=== Material for this exercise ===
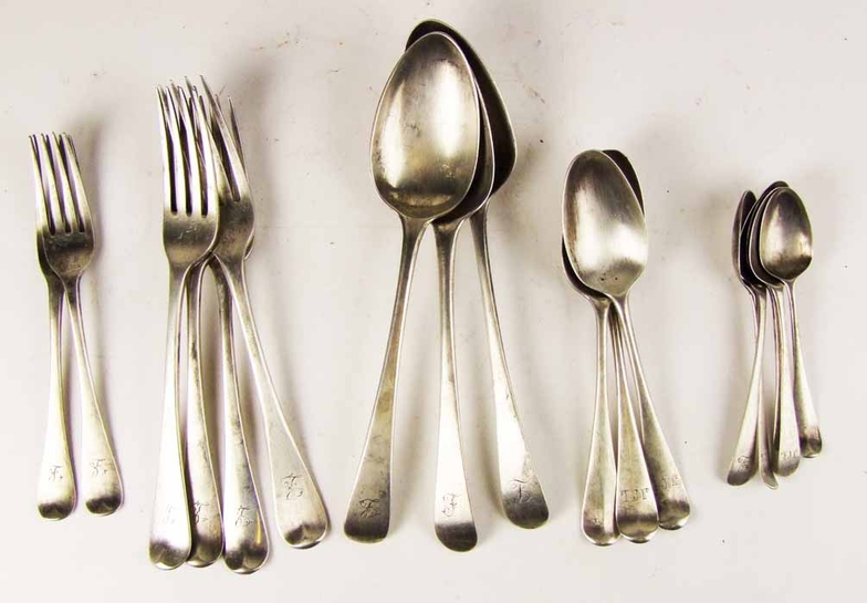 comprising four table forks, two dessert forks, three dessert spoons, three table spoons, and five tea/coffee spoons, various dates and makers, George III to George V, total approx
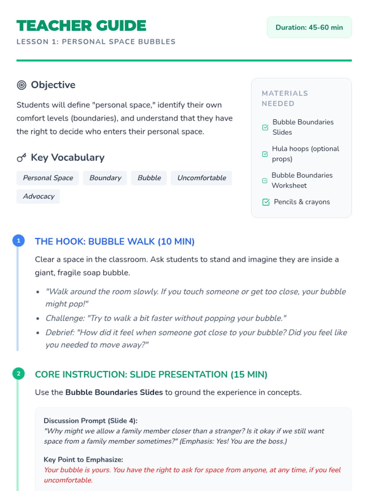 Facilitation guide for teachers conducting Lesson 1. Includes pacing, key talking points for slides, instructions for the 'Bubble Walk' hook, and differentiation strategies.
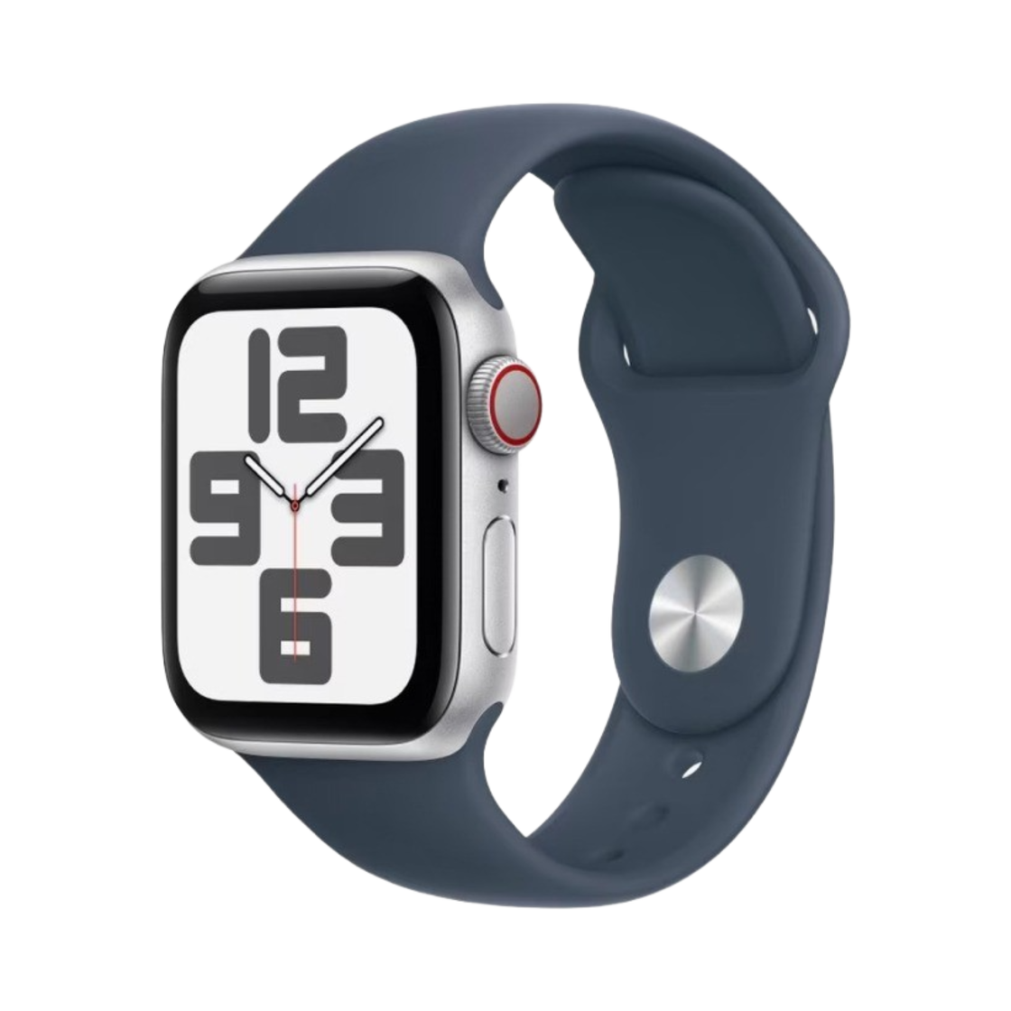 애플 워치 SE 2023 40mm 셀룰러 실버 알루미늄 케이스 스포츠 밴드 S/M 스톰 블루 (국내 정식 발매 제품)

* * *

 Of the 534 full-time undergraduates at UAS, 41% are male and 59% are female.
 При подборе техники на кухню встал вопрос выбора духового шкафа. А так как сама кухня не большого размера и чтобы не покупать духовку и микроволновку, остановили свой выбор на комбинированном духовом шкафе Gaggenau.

=== Task objective ===
Please give back exactly the lines of the listing above that run from the one containing "Of the 534 full-time" through the one containing "При подборе техники", and only those.

=== Exercise result ===
 Of the 534 full-time undergraduates at UAS, 41% are male and 59% are female.
 При подборе техники на кухню встал вопрос выбора духового шкафа. А так как сама кухня не большого размера и чтобы не покупать духовку и микроволновку, остановили свой выбор на комбинированном духовом шкафе Gaggenau.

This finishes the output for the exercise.